GEO Wants Geothermal Declared a Carbon Offset

In building its case for GHPs, GEO emphasized the efficiency that the technology can bring to EPA’s expected mandates, and benefits of more widespread use by reducing fossil-fuels consumption, leveling utility loads, and cutting carbon emissions from existing power plants across the United States.

The Geothermal Exchange Organization (GEO) submitted comments to the U.S. Environmental Protection Agency (EPA) urging that renewable thermal energy and geothermal heat pumps (GHPs) be recognized in its proposed rulemaking under Section 111(d) of the U.S. Clean Air Act to cut carbon pollution from existing power plants. The proposed rule allows flexibility in meeting the agency’s desired emissions reductions across the nation, including renewable energy and energy efficiency.

In building its case for GHPs, GEO emphasized the efficiency that the technology can bring to EPA’s expected mandates, and benefits of more widespread use by reducing fossil-fuels consumption, leveling utility loads, and cutting carbon emissions from existing power plants across the United States.
 

“GHPs offer a unique and efficient renewable energy technology for heating and cooling that provides both renewable energy and efficiency offsets that can help EPA and the states attain their carbon emission reduction targets.”  — Doug Dougherty, GEO


“The encouragement of GHP technology is one of the few policy initiatives that can simultaneously and cost-effectively help states and EPA advance the concepts in Building Block 3 (with respect to renewables) and Building Block 4 (with respect to energy efficiency and reduction in demand),” said GEO President and CEO Doug Dougherty. “GEO asks that another, logical step be taken by EPA and ste clean air regulators: Specifically recognize within the 111(d) Final Rulemaking the role that renewable thermal energy can play in avoiding production of megawatts generated by existing power plants—thus offsetting their carbon and other polluting emissions. GHPs should be specified among the most efficient renewable thermal energy technologies for accomplishing that goal.”

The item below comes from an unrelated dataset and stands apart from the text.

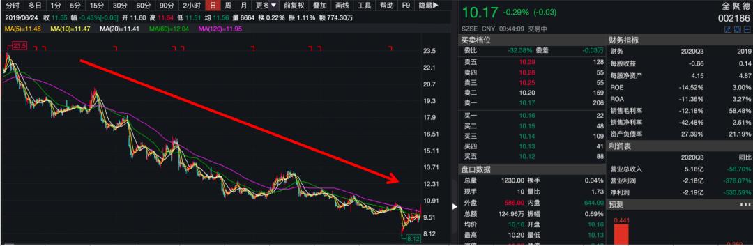 全聚德收入下滑已有三年,2017年至2019年,全聚德营业收入分别为18.61亿元、17.77亿元和15.66亿元,净利润也呈逐年下滑趋势,分别为1.36亿元、0.73亿元和0. 45亿元。这也意味着,全聚德2020年前三个季度就几乎亏光过去三年间的利润。而这三年来股价也一直呈下跌趋势,从最高23.5元/股降至10.17元/股,市值拦腰斩半。

Complete copy of GEO’s comments urging EPA to consider thermal energy and GHPs as a renewable energy and efficiency offset under its proposed Section 111(d) rulemaking.
           
“Given the high proportion of energy and electricity used by buildings in the United States,” he continued, “GHPs offer a unique and efficient renewable energy technology for heating and cooling that provides both renewable energy and efficiency offsets that can help EPA and the states attain their carbon emission reduction targets.”
           
Seeking a partnership with EPA to cut pollution that degrades our health and contributes to climate change, Dougherty said, “Energy efficiency is the least-cost, lowest risk energy resource—and GHPs are the most energy efficient technology for satisfying the thermal loads of buildings. Our ability to use the earth for the exchange of free, renewable and readily available energy exchange to homes, buildings of all sizes and even district heating projects, is limitless. The technology is (proven and) waiting to be used…. Efficient use of geothermal energy for heating and cooling produces Negawatts, the cheapest units of energy produced and consumed.           
           
“It is of paramount importance for energy efficiency offsets to be implemented under EPA’s carbon reduction rulemaking. Those energy efficiency considerations should specifically include the benefits of renewable thermal energy technologies as a way to avoid power generation and therefore cut carbon emissions. A primary component of such plans must include GHPs.
           
“To ensure that the full potential of GHPs is realized toward the goal of carbon reductions, EPA must recognize that GHPs may increase electricity use, but at the same time replace heating and cooling systems that rely on natural gas, propane and fuel oil. Elimination of such onsite fossil fuel use can be an important offset to carbon emissions by power plants. EPA should consider both the renewable thermal energy (BTUs) that GHPs can provide in lieu of electricity generation and the elimination of fossil-fuel burning for heating and cooling of buildings.
           
“GEO asks that EPA’s Final 111(d) Rulemaking specifically include renewable thermal energy technologies—including GHPs—as a utility compliance option for the states. GHPs can be flexibly incorporated into utility, state and multi-state carbon emission reduction programs as appropriate tools to reduce consumer energy costs and cut greenhouse gas emissions.”